Records for processing:
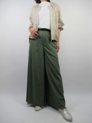 パンツとスカートの全体のスカーチョはデイリーコーデにとても重宝。着やすくてそれでいておしゃれな一着。外出には日よけ防止にうす手のブルゾンをチョイス!アクティブ度100%。
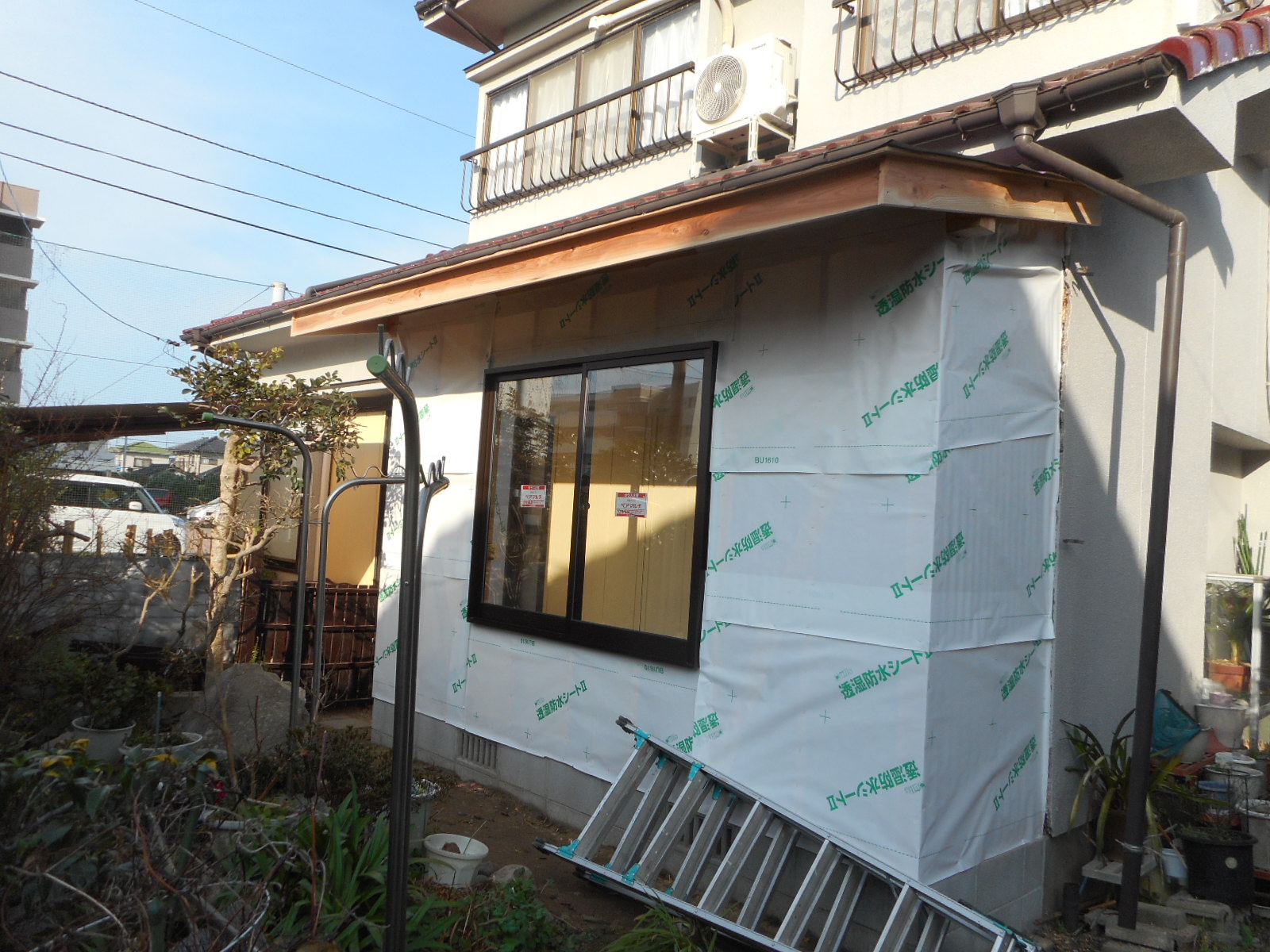 | 破風板、鼻隠しを施工し、屋根にコンパネを張り、ゴムアスルーフィングを施工しました!! | サッシ枠を取付け、壁廻りに透湿,,防水シートを張ります!! |
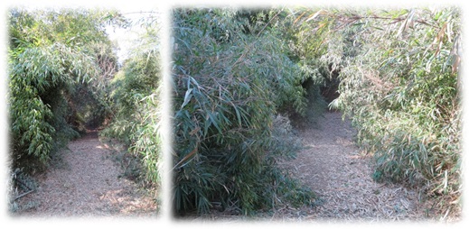 先日来の雪で運動場裏の山道入り口に、笹が倒れて通るのが難しくなっていましたが、教員有志で芝刈
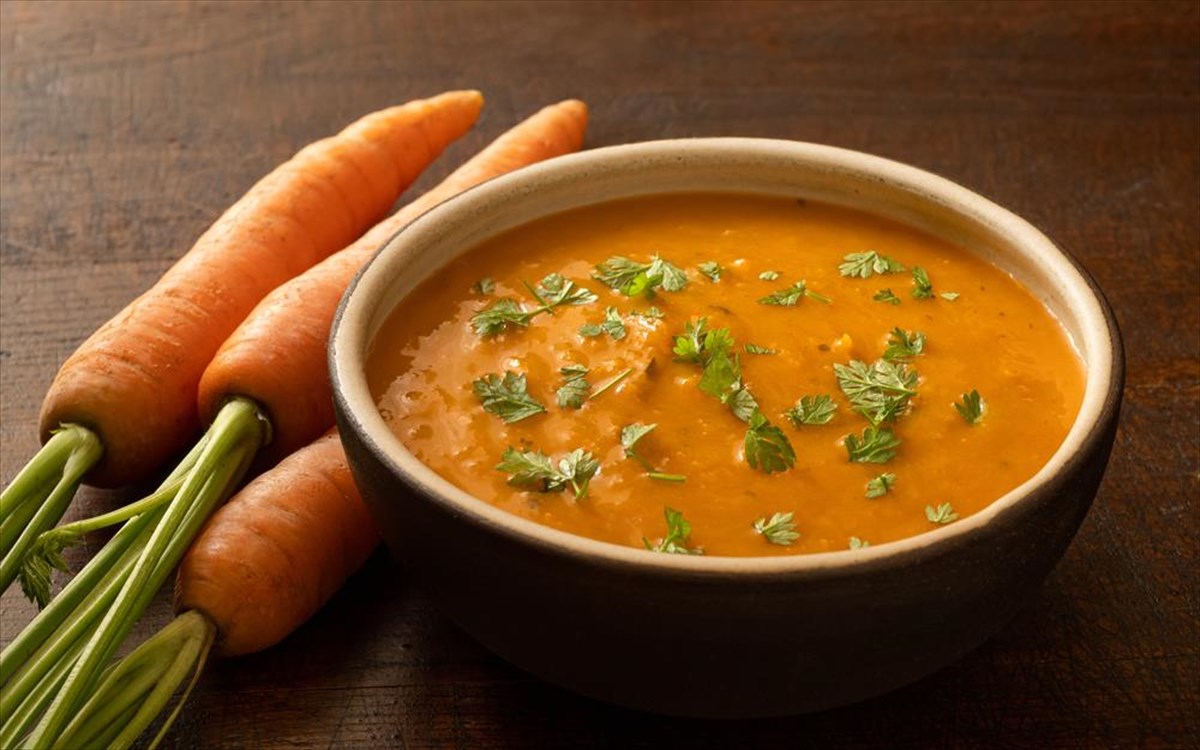 Σούπα καρότου με πορτοκάλι και κύμινο
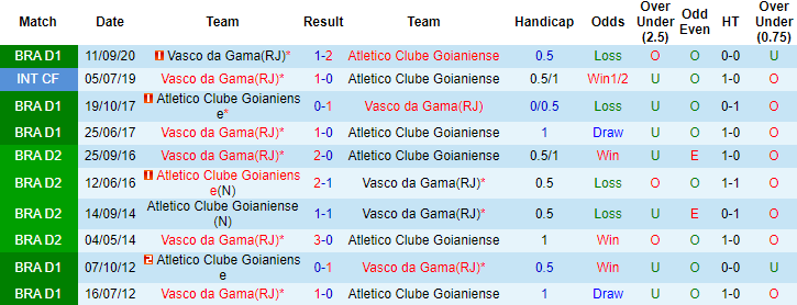 + Lịch sử đối đầu Atletico GO vs Vasco da Gama
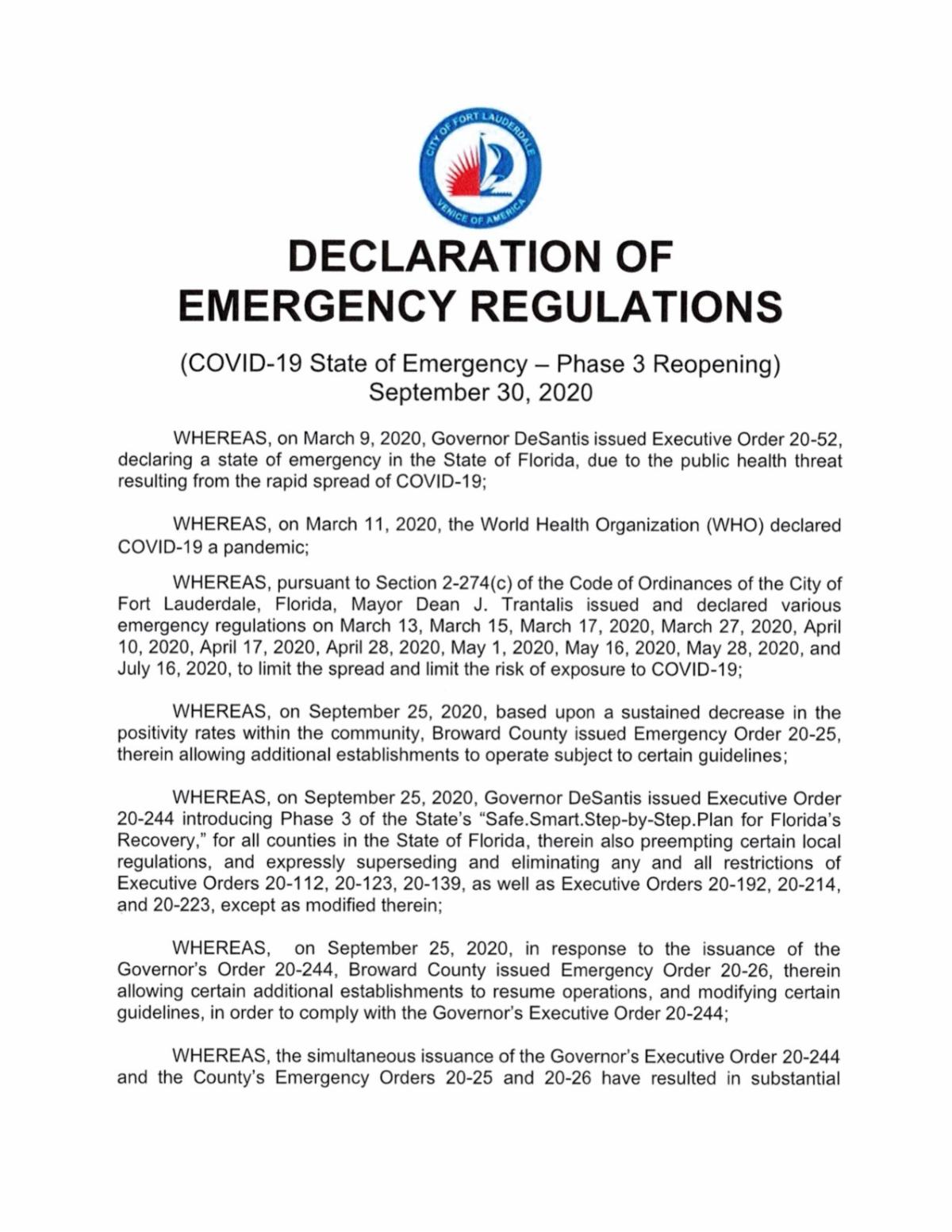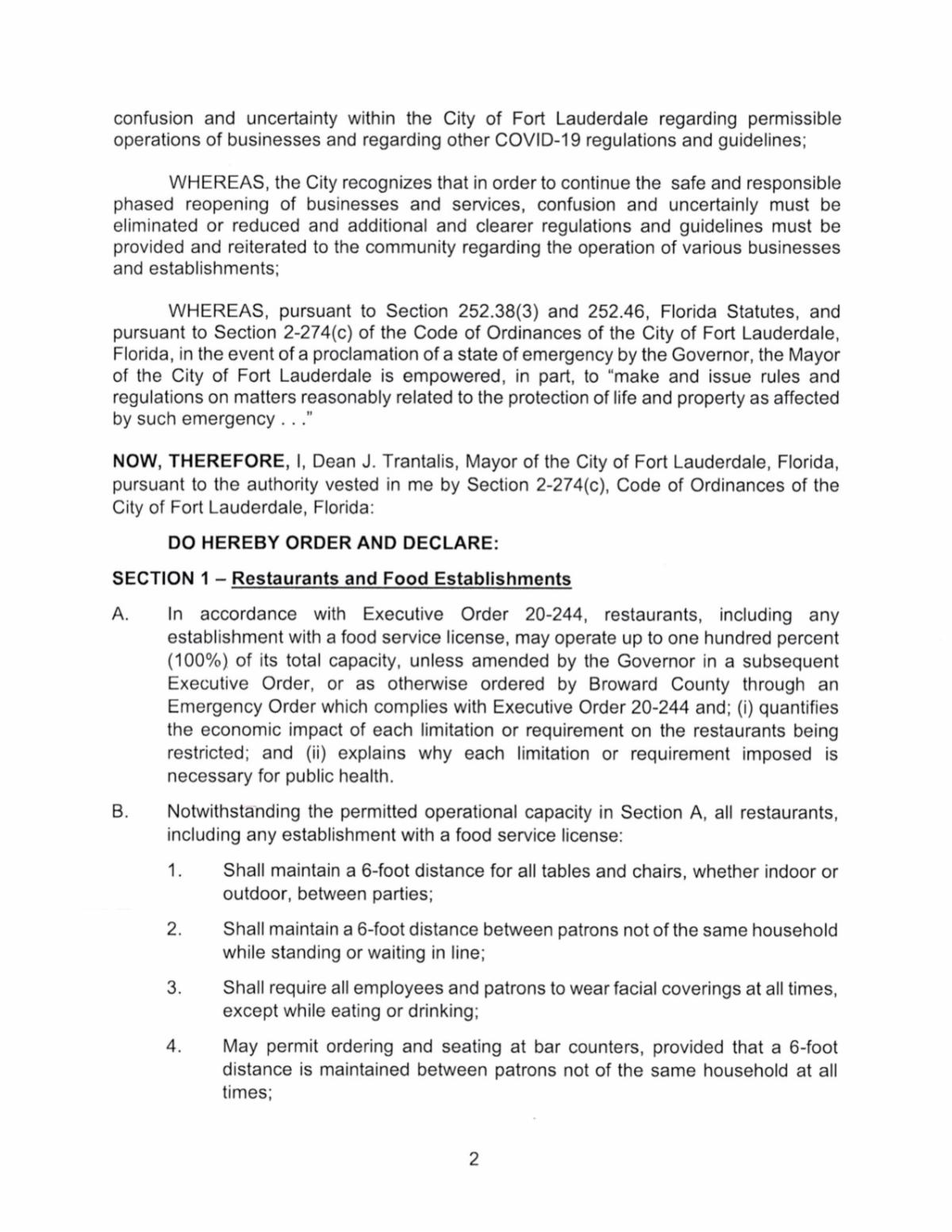 I am issuing a new emergency order applying to the city of Fort Lauderdale in an effort to clarify what businesses and individuals now must follow. I have been in frequent contact with Gov. DeSantis’ senior staff, and this order reflects what the state views as an appropriate level of local oversight.
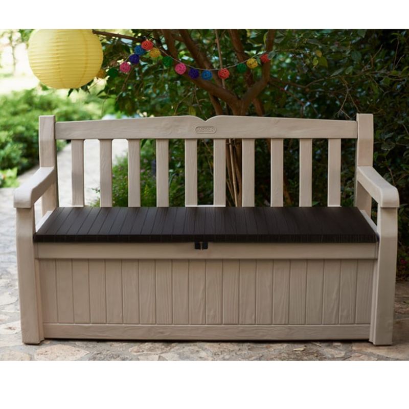 Baú e Banco de Plástico Eden Garden Bench 265L Bege e Marrom Keter com design exclusivo no estilo madeira, ideal para transformar a área externa e armazenar itens como almofadas, cobertores e brinquedos. Fácil de montar e com manutenção zero, não enferruja, não está sujeito a infestação de insetos, não desbota, além de um espaçoso baú é um banco que acomoda confortavelmente até 2 pessoas (peso máximo 210Kg)
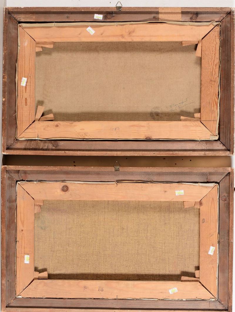 coppia di dipinti ad olio su tela, cm 30x52
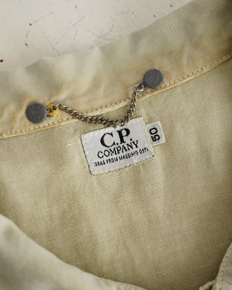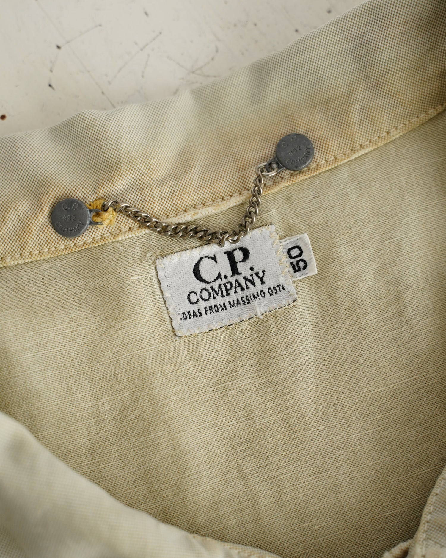 特にマッシモ・オスティ期のC.P. Companyは、今日の市場においても非常に貴重であり、コレクターズアイテムとして高い評価を受けています。後年のプロダクトとは一線を画し、オスティの思想とクリエイティビティがダイレクトに反映されたプロダクトは、単なるファッションを超えてデザイン史の一部として語られる存在です。その中でもコンディション良好なジャケットは数少なく、本品のような状態で残っていること自体が奇跡に近いといえるでしょう。
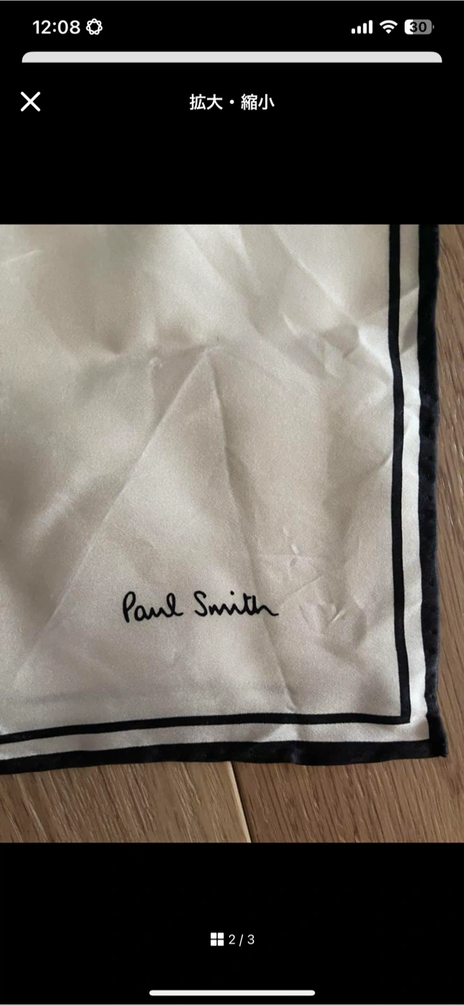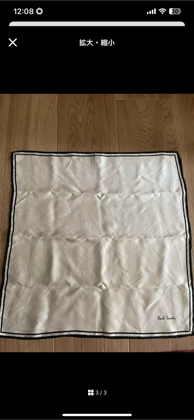 メーカー: Paul Smith サイズ:40cm×40cm 素材:シルク100% カラー:パールホワイト(真珠色)×ブラック(縁取り) このハンカチには破れや裂け目はありません。一度使用した後、ドライクリーニングとアイロンをかけましたが、非常に柔らかいため、シワが目立っています 梱包の関係で多少シワが入る場合がございますので予めご了承ください 中古品の購入に敏感な方はご遠慮ください。喫煙者ではなく、ペットも飼っていません 即購入でも問題ございません。ご覧いただきありがとうございます 汚れ・破れ・臭いなど···なし
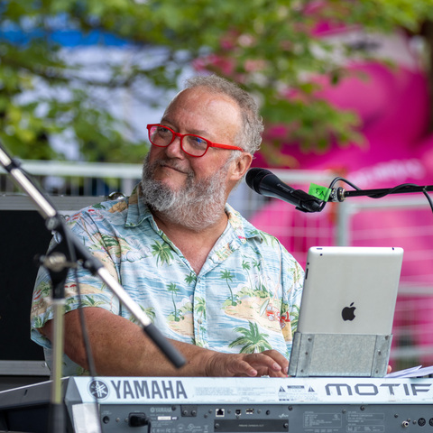The product of an opera soloist/choral director mother and a wicked piano player father, Brian's influences span Mozart to Motown, ska to Santana. Active on the Vancouver Scene since 1980, Brian has played keys and more with, The Invaders, Mae Moore, Christine Best and “The Dynamics” to name a but a few bands. Known as a very energetic performer, nothing makes him happier than a packed danced floor that sings along with the band.
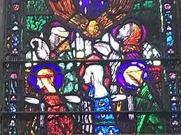 The lower, rectangular panel represents the doorway and is set against a background of branches and leaves attached in silver-gilt; it shows the Lamb of God standing on a brightly coloured altar decorated with three-ringed crosses and two angels acting as servers kneeling before it.[15][55] The dove is surrounded by what Teehan describes as "the deep blue void of Heaven".[55] Here, he is accompanied by flights of angels, carrying instruments of the Passion.[15] The enamel embellishments are by the Irish craftsman and stained glass specialist Oswald Reeves[56] and described by Teehan as the best of his work.[55]
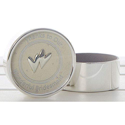 - Silver plated box with glossed ivory lid detail, including dimante illustration and classic silver font quote reading: "Thanks to Our Wonderful Bridesmaid".
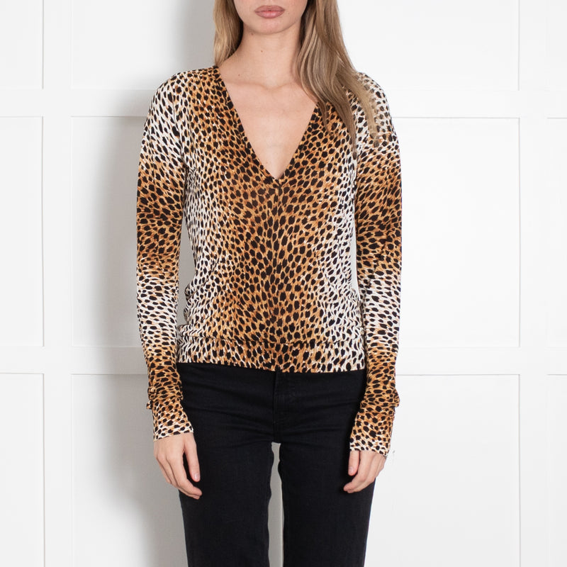 Dolce & Gabbana Brown Leopard Print V-Neck Long Sleeve Top
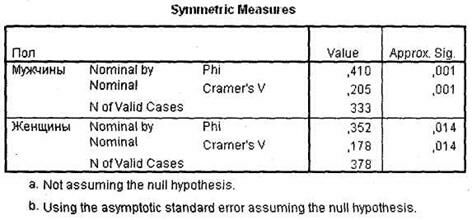 После того как мы установили наличие зависимости между тремя анализируемыми переменными (при этом между возрастом и частотой посещения для респондентов-женщин существует и линейная зависимость), можно приступить к анализу таблицы Symmetric Measures (рис. 4.7), чтобы определить силу выявленной связи.

Activity: Copy all the entries word for word. Omit any pictures.

Task solution:
 パンツとスカートの全体のスカーチョはデイリーコーデにとても重宝。着やすくてそれでいておしゃれな一着。外出には日よけ防止にうす手のブルゾンをチョイス!アクティブ度100%。
 | 破風板、鼻隠しを施工し、屋根にコンパネを張り、ゴムアスルーフィングを施工しました!! | サッシ枠を取付け、壁廻りに透湿,,防水シートを張ります!! |
 先日来の雪で運動場裏の山道入り口に、笹が倒れて通るのが難しくなっていましたが、教員有志で芝刈
 Σούπα καρότου με πορτοκάλι και κύμινο
 + Lịch sử đối đầu Atletico GO vs Vasco da Gama
 I am issuing a new emergency order applying to the city of Fort Lauderdale in an effort to clarify what businesses and individuals now must follow. I have been in frequent contact with Gov. DeSantis’ senior staff, and this order reflects what the state views as an appropriate level of local oversight.
 Baú e Banco de Plástico Eden Garden Bench 265L Bege e Marrom Keter com design exclusivo no estilo madeira, ideal para transformar a área externa e armazenar itens como almofadas, cobertores e brinquedos. Fácil de montar e com manutenção zero, não enferruja, não está sujeito a infestação de insetos, não desbota, além de um espaçoso baú é um banco que acomoda confortavelmente até 2 pessoas (peso máximo 210Kg)
 coppia di dipinti ad olio su tela, cm 30x52
 特にマッシモ・オスティ期のC.P. Companyは、今日の市場においても非常に貴重であり、コレクターズアイテムとして高い評価を受けています。後年のプロダクトとは一線を画し、オスティの思想とクリエイティビティがダイレクトに反映されたプロダクトは、単なるファッションを超えてデザイン史の一部として語られる存在です。その中でもコンディション良好なジャケットは数少なく、本品のような状態で残っていること自体が奇跡に近いといえるでしょう。
 メーカー: Paul Smith サイズ:40cm×40cm 素材:シルク100% カラー:パールホワイト(真珠色)×ブラック(縁取り) このハンカチには破れや裂け目はありません。一度使用した後、ドライクリーニングとアイロンをかけましたが、非常に柔らかいため、シワが目立っています 梱包の関係で多少シワが入る場合がございますので予めご了承ください 中古品の購入に敏感な方はご遠慮ください。喫煙者ではなく、ペットも飼っていません 即購入でも問題ございません。ご覧いただきありがとうございます 汚れ・破れ・臭いなど···なし
The product of an opera soloist/choral director mother and a wicked piano player father, Brian's influences span Mozart to Motown, ska to Santana. Active on the Vancouver Scene since 1980, Brian has played keys and more with, The Invaders, Mae Moore, Christine Best and “The Dynamics” to name a but a few bands. Known as a very energetic performer, nothing makes him happier than a packed danced floor that sings along with the band.
 The lower, rectangular panel represents the doorway and is set against a background of branches and leaves attached in silver-gilt; it shows the Lamb of God standing on a brightly coloured altar decorated with three-ringed crosses and two angels acting as servers kneeling before it.[15][55] The dove is surrounded by what Teehan describes as "the deep blue void of Heaven".[55] Here, he is accompanied by flights of angels, carrying instruments of the Passion.[15] The enamel embellishments are by the Irish craftsman and stained glass specialist Oswald Reeves[56] and described by Teehan as the best of his work.[55]
 - Silver plated box with glossed ivory lid detail, including dimante illustration and classic silver font quote reading: "Thanks to Our Wonderful Bridesmaid".
 Dolce & Gabbana Brown Leopard Print V-Neck Long Sleeve Top
 После того как мы установили наличие зависимости между тремя анализируемыми переменными (при этом между возрастом и частотой посещения для респондентов-женщин существует и линейная зависимость), можно приступить к анализу таблицы Symmetric Measures (рис. 4.7), чтобы определить силу выявленной связи.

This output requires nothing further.